I certainly had anxiety growing up but never knew what it was. I just thought I was shy and awkward. However, it was only when I started drinking that it was undeniably noticeable in myself. As I had unconsciously used alcohol as a way of stopping the constant overdrive in my head, I never thought that it could be making it worse. It was unbearable, it would physically cause me to shut down. I couldn’t walk down the street or into a room without thinking everyone was talking about me. I couldn’t physically open my mouth to talk a lot of the time because the inner critic was telling me people would think I’m stupid. It made me drink so much more than I should have, just so the voices would stop and in the end, I would do stupid things when drunk and off it would go again. In my eyes, it was never ever the alcohol’s fault. It was just something that I had to put up with.

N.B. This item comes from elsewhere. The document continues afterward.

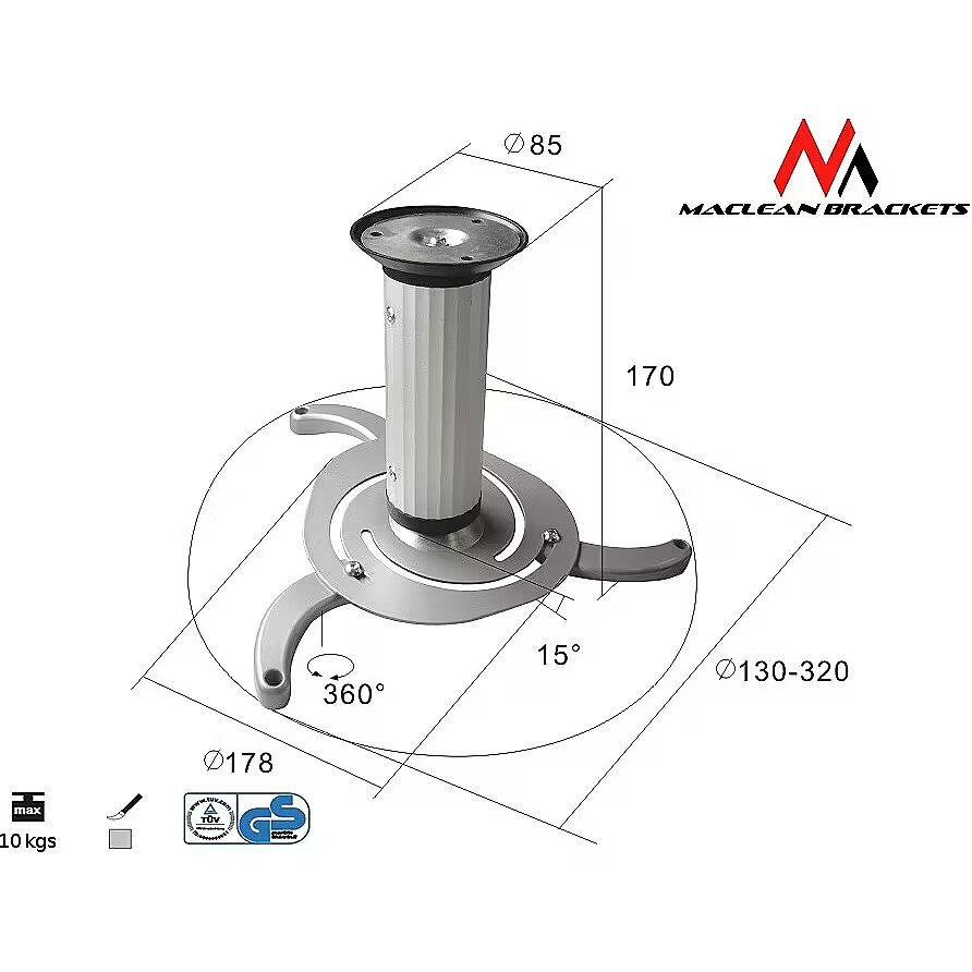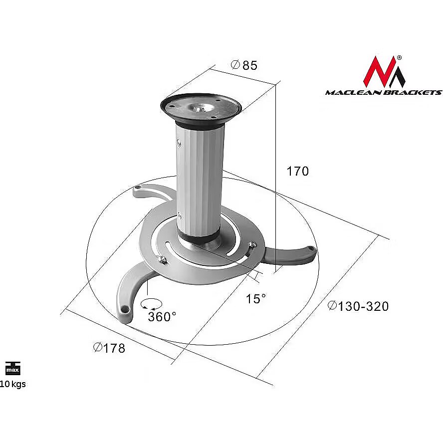 name - Ceiling mount for a projector. Maclean MC-515 S 80-170mm 10kg

Addiction is never the problem. It’s a symptom of the problem. You drink or take drugs as a solution to that problem. Therefore, it is obvious that there were defects which made me start problem drinking in the first place. I was anxious, incredibly fearful, envious, resentful and lacked confidence. A lot of my resentments came from constant comparison and never being good enough. I hated myself for having no confidence and when alcohol came along, it solved that problem but then came the anxiety that I was only confident when I drank and that if I wasn’t drunk, I was boring and unlikeable. It’s ironic looking back at it now, as a lot of the things I did when I was drunk made me very, very unlikeable. I have also always lived my life in fear. Fear of not being good enough. Fear of not being wanted. It felt great that alcohol could numb that fear. Even if it was only for a few hours. However, as the drinking progressed, the fear got worse. I eventually developed a fear of being sober. I absolutely hated doing anything that didn’t involve alcohol and would sulk if I turned up to something and people had decided not to drink. I eventually ended up sacking off anything that I knew wouldn’t involve drinking.

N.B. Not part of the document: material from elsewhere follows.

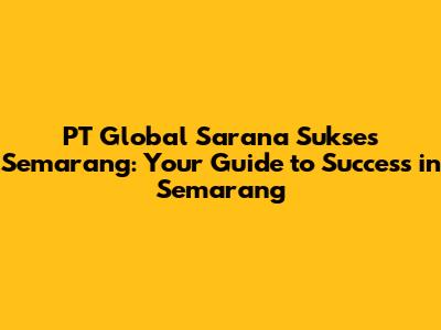 PT Global Sarana Sukses: Your Guide To Success In Semarang

I was also diagnosed with ADHD back in October which was originally a bit of a shock but when told the symptoms, it couldn’t make more sense. I had just thought that was my personality growing up, which would just improve as I got older. Constantly fidgeting? Me. Having short attention span and getting distracted easily? Also me. Impulsiveness? Me. Forgetful and losing things? Definitely me. Constantly changing tasks and being able to focus? Me. Unorganised? Could not be more me. Trouble listening and making careless mistakes? So me hunny. I genuinely thought it was just my personality. I got asked to send school reports for the diagnosis and got a bit emotional that it was so obvious. In every single subject for every single year from Year 3, there is a mention of me needing to focus more and to stop distracting myself and others. They also all talk about my lack of attention to/lateness of homework and the silly mistakes constantly made. I never would have realised and it’s fair that no one else picked up until now as it’s just not known about. It was so horrendous at school. I always knew there was something wrong but that I just couldn’t help it. It’s probably where the anxiety started as I felt so shameful about it; that I couldn’t just be normal like everyone else. I felt totally misunderstood. I’m also laughing that it’s taken so long to write this paragraph about not being able to focus because I can’t write anything without being distracted by a million different pointless exercises every five seconds.

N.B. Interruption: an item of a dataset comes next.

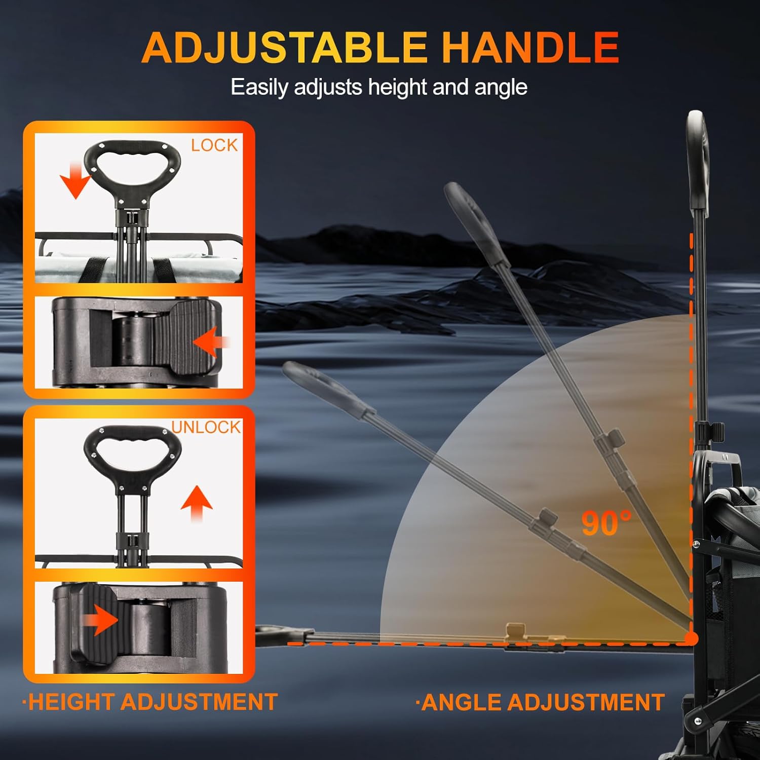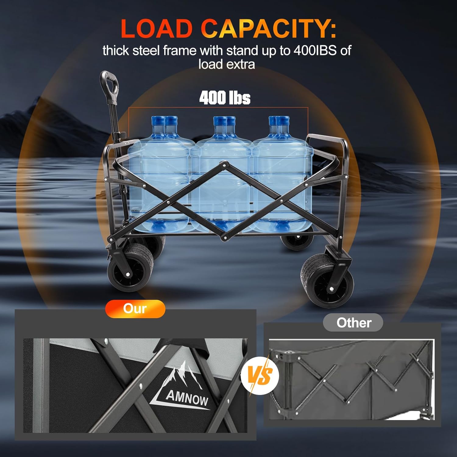 - All-terrain wheels & brake:AMNOW beach wagon have 7.9" diameter big all-terrain wheels suitable for all terrain ground, a good helper for your picnic and camping,Our wagon cart has a brake design on the front wheel, and you can easily control it even on slopes

ADHD and Addiction have an extremely strong link which is something I didn’t know until yesterday. You are more likely to become an alcoholic if you have ADHD. The symptoms of ADHD will make the alcohol abuse worse and vice versa. The dangerous part is that the effects of drinking and the effects of ADHD together, can cause you to go into a more dangerous state of mind, which therefore leads to uncontrollable behaviours such a black outs and wild emotions. Black outs are not normal. Who knew. It’s now good to know about my ADHD and that it was drinking making it so much worse so I can build coping mechanisms. I can finally understand myself a little more and work towards being a better me.